Rocks Clustering Toolkit combined with Compaq
San Diego 09 July 2001 The San Diego Supercomputer Center (SDSC) and Compaq Computer Corporation
will provide an industry-standard, high-performance computing platform based on the easy-to-use open-source
NPACI Rocks Clustering Toolkit from SDSC and Compaq's ProLiant line of servers.
The Compaq-SDSC alliance will enable the easy and confident deployment of
high-performance clusters with Compaq's hardware support and the
cluster management from the NPACI Rocks system with
advanced recovery capability for cluster node failures. These
clusters will provide the most stringent
computing needs for the academic, research, and technical markets as well as
offer a stable, supported, standardized platform for the increasing demands
from financial, multimedia, and data-serving markets.

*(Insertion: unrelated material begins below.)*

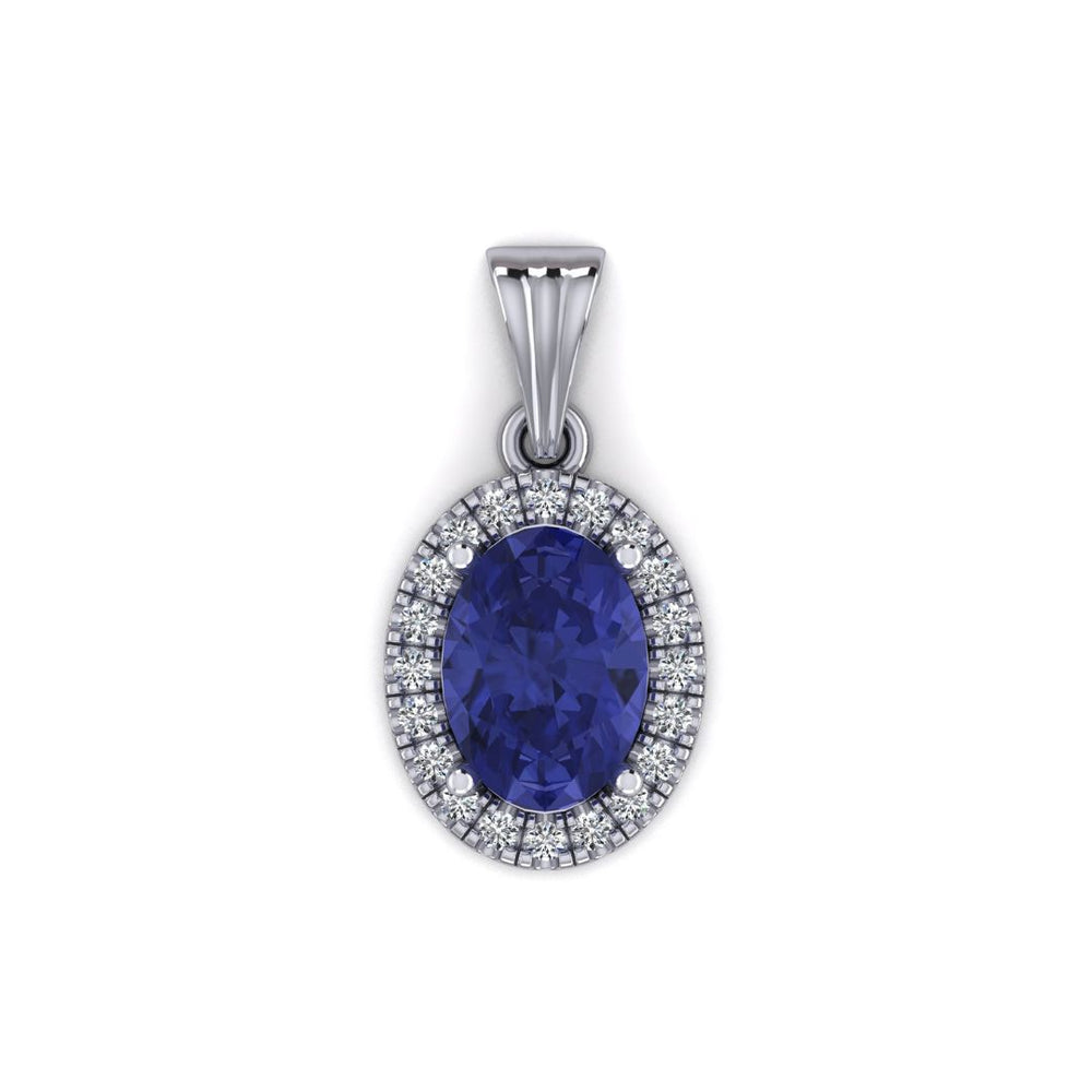 Wir präsentieren unseren handgefertigten Anhänger, dessen Design einen faszinierenden, runden blauen Saphir perfekt in Szene setzt, der von einem Kranz funkelnder Diamanten umrahmt wird. Gefertigt aus luxuriösem 18-karätigem Weißgold mit klassischer Krappenfassung, strahlt dieses exquisite Schmuckstück zeitlose Eleganz und raffinierten Luxus aus.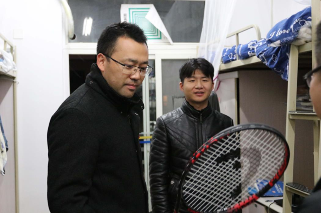 在看到某位同学的网球拍后,贺剑副书记(主持工作)拿起网球拍与同学们聊起了网球运动,叮嘱同学们在学习之余一定要注意锻炼身体,强健自己的体魄。

SDSC and partners at the University of California, Berkeley, have created
the NPACI Rocks environment http://rocks.npaci.edu/), based on the Red Hat
Linux 7.1, specifically for
clustering to enable the installation, configuration, and optimization of
clustered Compaq servers. Customers can expect a reliable integrated
turnkey solution for high-performance computing needs with increased
performance, streamlined administration, and simplified scalability.

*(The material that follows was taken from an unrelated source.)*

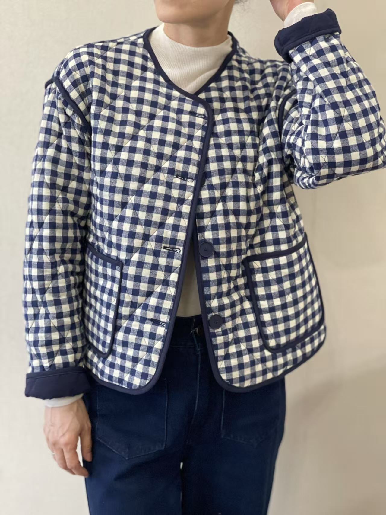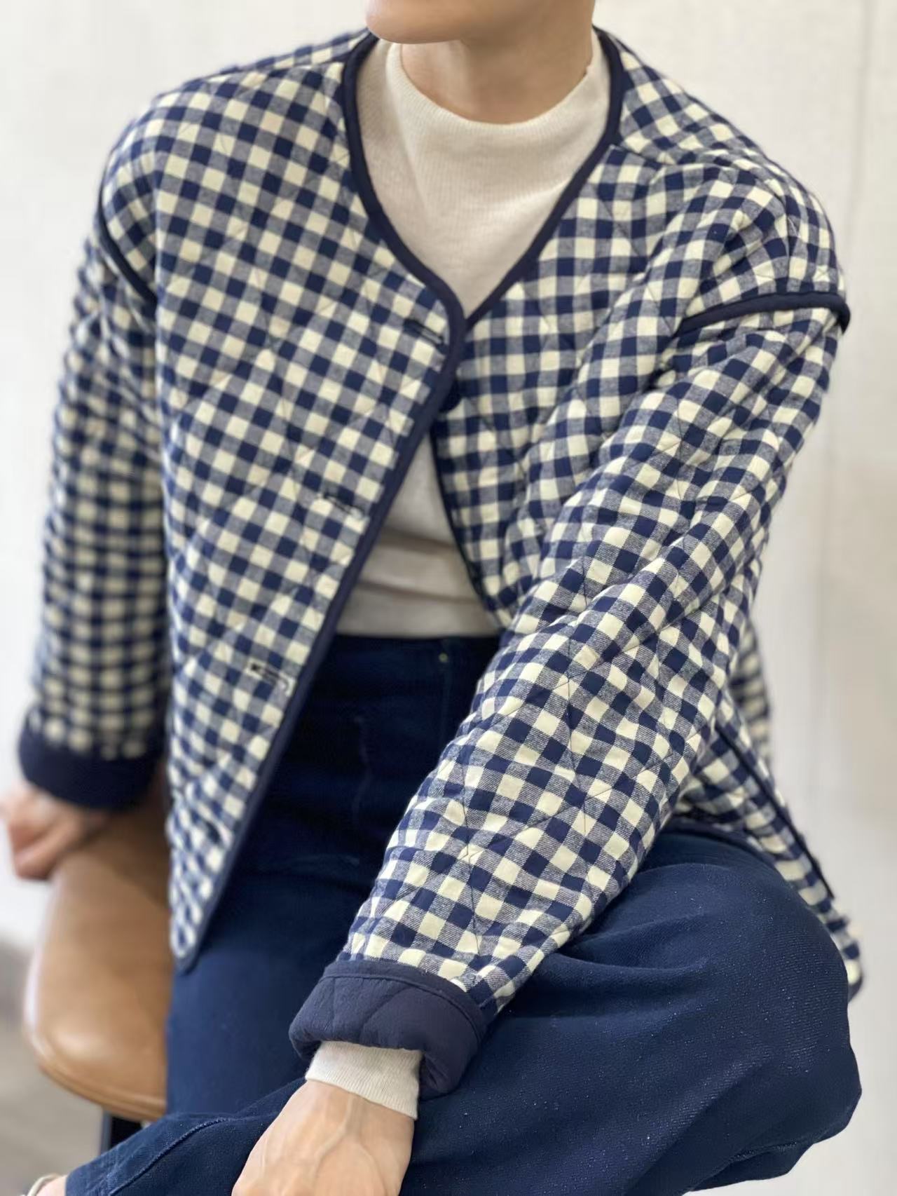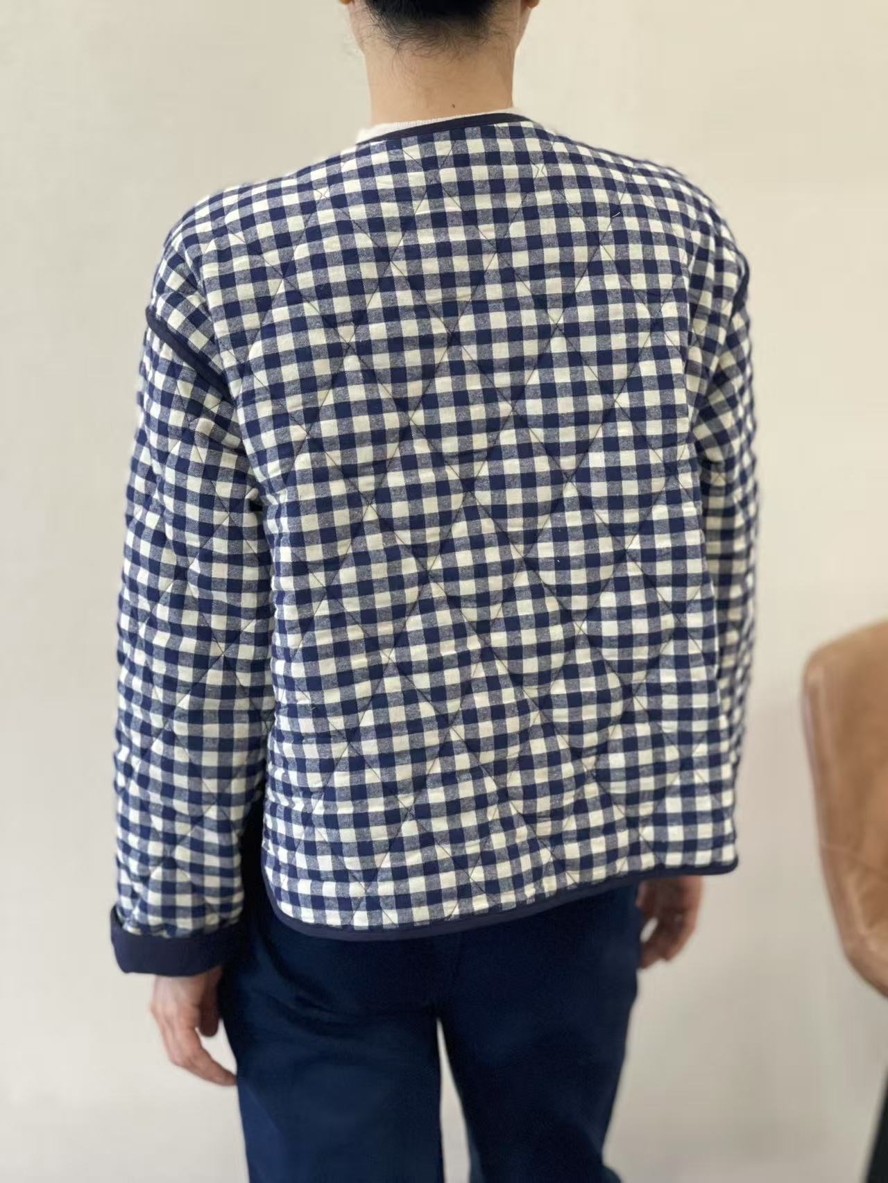 Cazadora acolchada azul marino reversible Vivi con cuello redondo, dos bolsillos en ambas partes, botonera azul marino y pequeña abertura lateral en los costados inferiores. Forro interior en cuadros azul marino, azul claro y beige.

"The Rocks software allows us to transfer SDSC's 16 years' experience
operating the world's most powerful computing environments to groups
interested in managing their own Linux clusters," said Fran Berman, director
of SDSC and NPACI. "The impact to discoveries in science and advances in
other computationally demanding areas will be dramatic as even more research
is conducted on locally managed high-performance resources. This transfer of
expertise through partnership with Compaq is an important example of how NSF
support for development of information technology yields significant
scientific and economic benefit."
The NPACI Rocks management software from SDSC adds functionality to the base
Linux distribution without specific kernel hooks. This general approach
allows Rocks to handle the natural evolution of Linux updates more
effectively than other offerings in the marketplace. The Rocks Toolkit
provides a stable, standard, supported platform for the deployment of
advanced clustering applications. It enhances the Linux cluster environment
with features that allow users to start, observe, and control processes on
cluster nodes from the cluster's front-end computer while supporting
standard Linux interfaces and tools. The result is a stable and extensible
environment that appeals to both end users and software developers.